Groundnut belongs to the Leguminosae family, the Papilionoideae subfamily

and the Aeschynomeneae tribe. Taxonomically, it groups together with
Aeschynomene, Stylosanthes, and Discolobium. There are 22 species in the
genus Arachis, 9 of which are reported to be nodulated. Groundnut has a high
ability to fix symbiotic nitrogen. Compared to other tropical legumes, the
amount of nitrogen stored by groundnut is high.

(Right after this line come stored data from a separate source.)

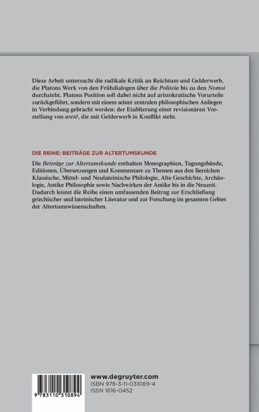 Die Arbeit eröffnet die Möglichkeit, die verschiedenen Komponenten von Platons Kritik an Gelderwerb und Reichtum zu einer kohärenten Theorie zu verbinden und auf der Basis von Textanalysen ihren philosophischen Gehalt zu prüfen.
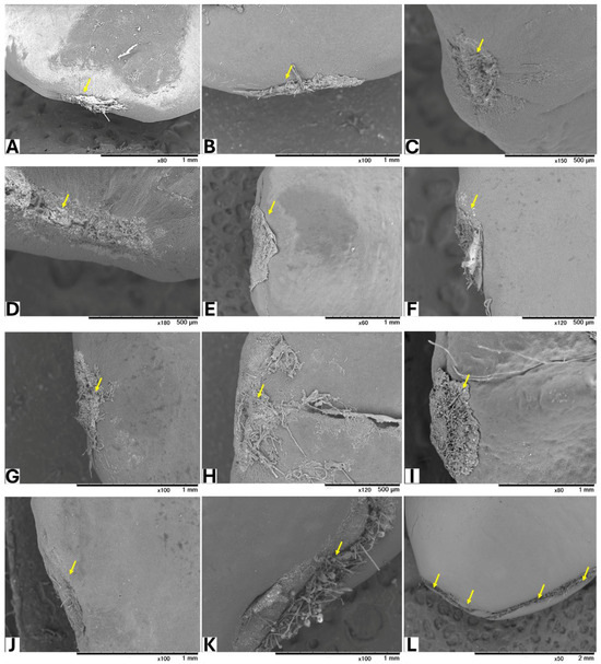 Seeds from GBG fruits were placed on modified CZA, with or without A. flavus spores, and incubated at 25 °C for 5 days. Based on a visual assessment of SEM images, three classifications of hilar fissure morphology in seeds incubated without spores were revealed (Figure 1): nearly closed (Figure 1A–C), semi-closed (Figure 1D–F), and open (Figure 1G–J). A similar classification was observed in seeds incubated with spores (Figure 2): nearly closed (Figure 2A–F), semi-closed (Figure 2G–K), and open (Figure 2L). The AF concentrations in the seeds (Table 5) appeared to correlate with the hilar fissure classification. The accumulation of fungal mycelia, which formed infection pads on the hilar fissure (Figure 2), increased with the width of the fissure opening.
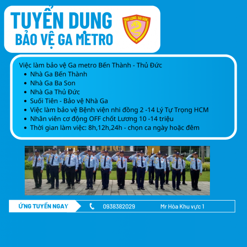 VIỆC LÀM BẢO VỆ - BẢO VỆ GA METRO BẾN THÀNH - THỦ ĐỨC
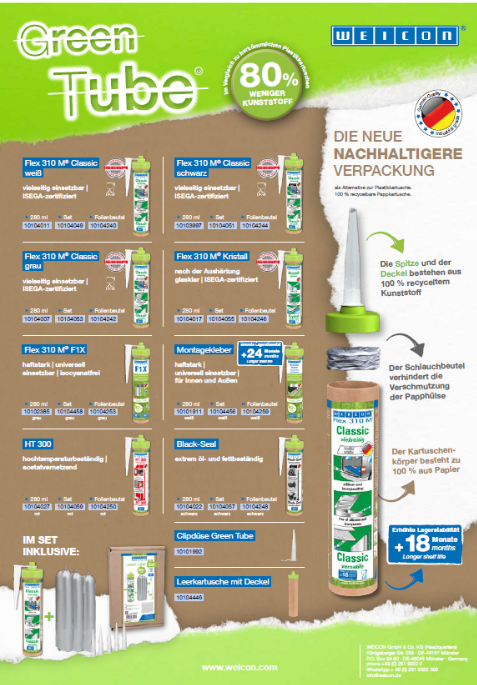 The production of the Green Tube cartridge uses 80 % less plastic than conventional cartridges. The cartridge casing is made from 100 % hardened cardboard. Production generates 53 % less CO₂ emissions than the manufacturing of a PE cartridge – a clear advantage for the climate and the environment.
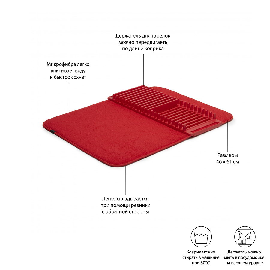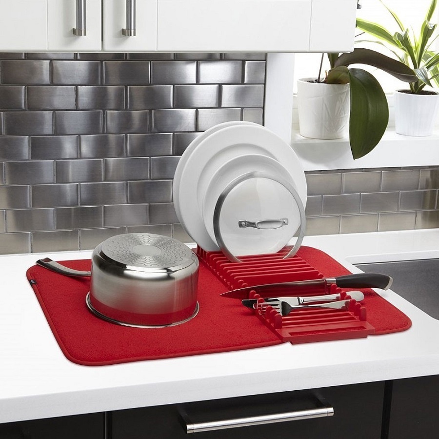 Практичное решение для сушки посуды и столовых приборов после мытья. Коврик выполнен из микрофибры, которая быстро сохнет, посуда с нее не соскальзывает, а удобный пластмассовый держатель позволит поставить крышки и тарелки в вертикальное положение, чтобы капли воды быстрее стекли. После использования коврик складывается для компактного хранения. Размер: 60х46 см
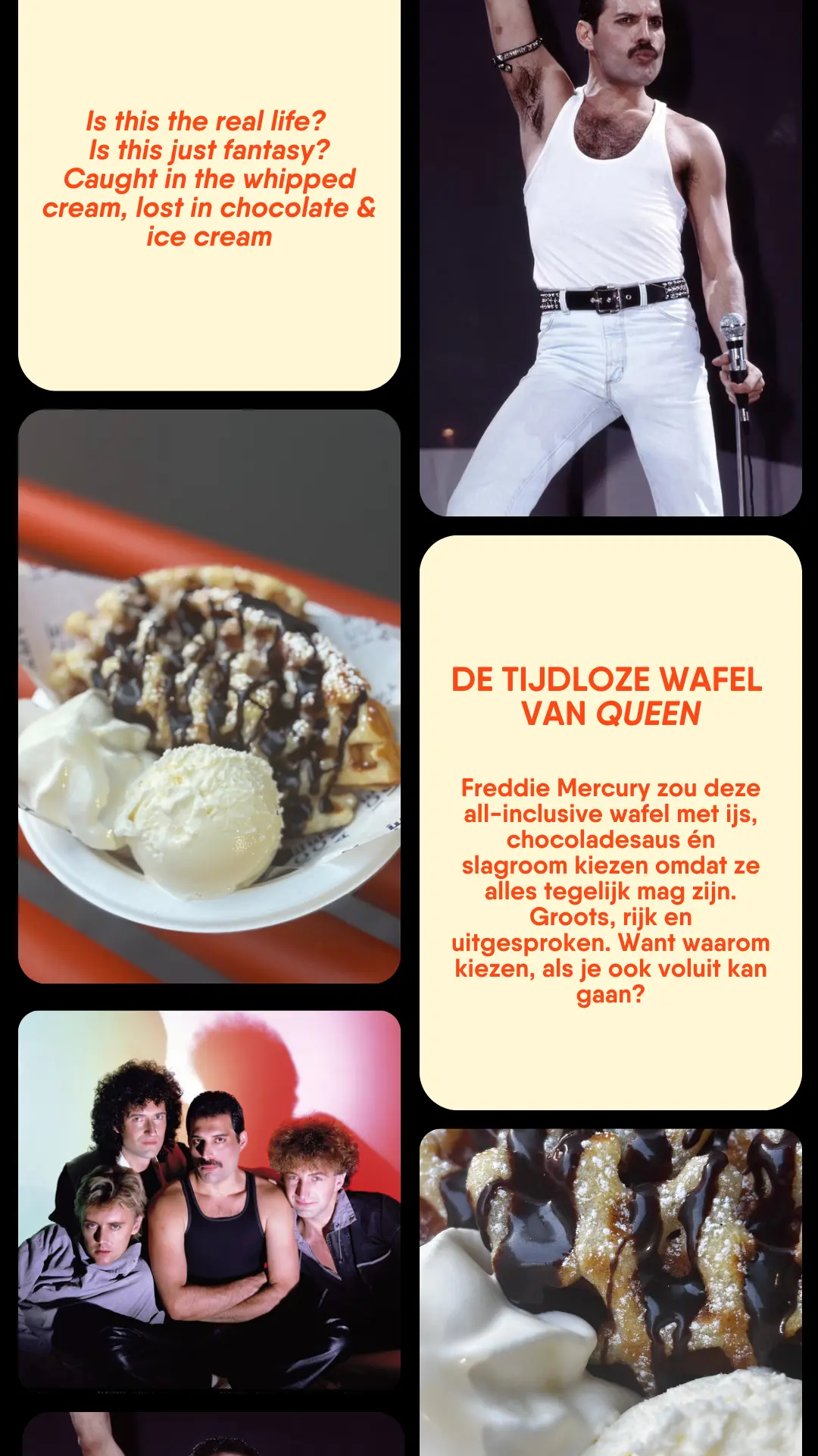 Aan elke wafel koppelden we ook een Tijdloze artiest, gebaseerd op persoonlijkheid en gevoel. Zo werd kiezen voor een wafel net zo persoonlijk als kiezen voor een nummer uit De Tijdloze.

There are generally two primary kinds of nodules: determinate and

indeterminate. Determinate nodules are spherical and develop from a non-
persistent meristem whereas indeterminate nodules are elongated and
develop from a persistent meristem.

Essentially, two modes of infection were defined: one by root hair

entry/infection thread spreading, and the other by crack entry/intercellular
spreading. The root hair entry mode of infection is best studied and occurs in
most of the legumes (Medicago, Trifolium, Lotus), while crack entry mode of
infection is comparatively less studied and occurs in few legumes
(Arachis, Sesbania, Aeschynomene).

Crack entry infection requires penetration of Bradyrhizobium through

epidermis of root at the axil of lateral and adventitious roots. After that
nodule organogenesis takes place and a functional nodule form.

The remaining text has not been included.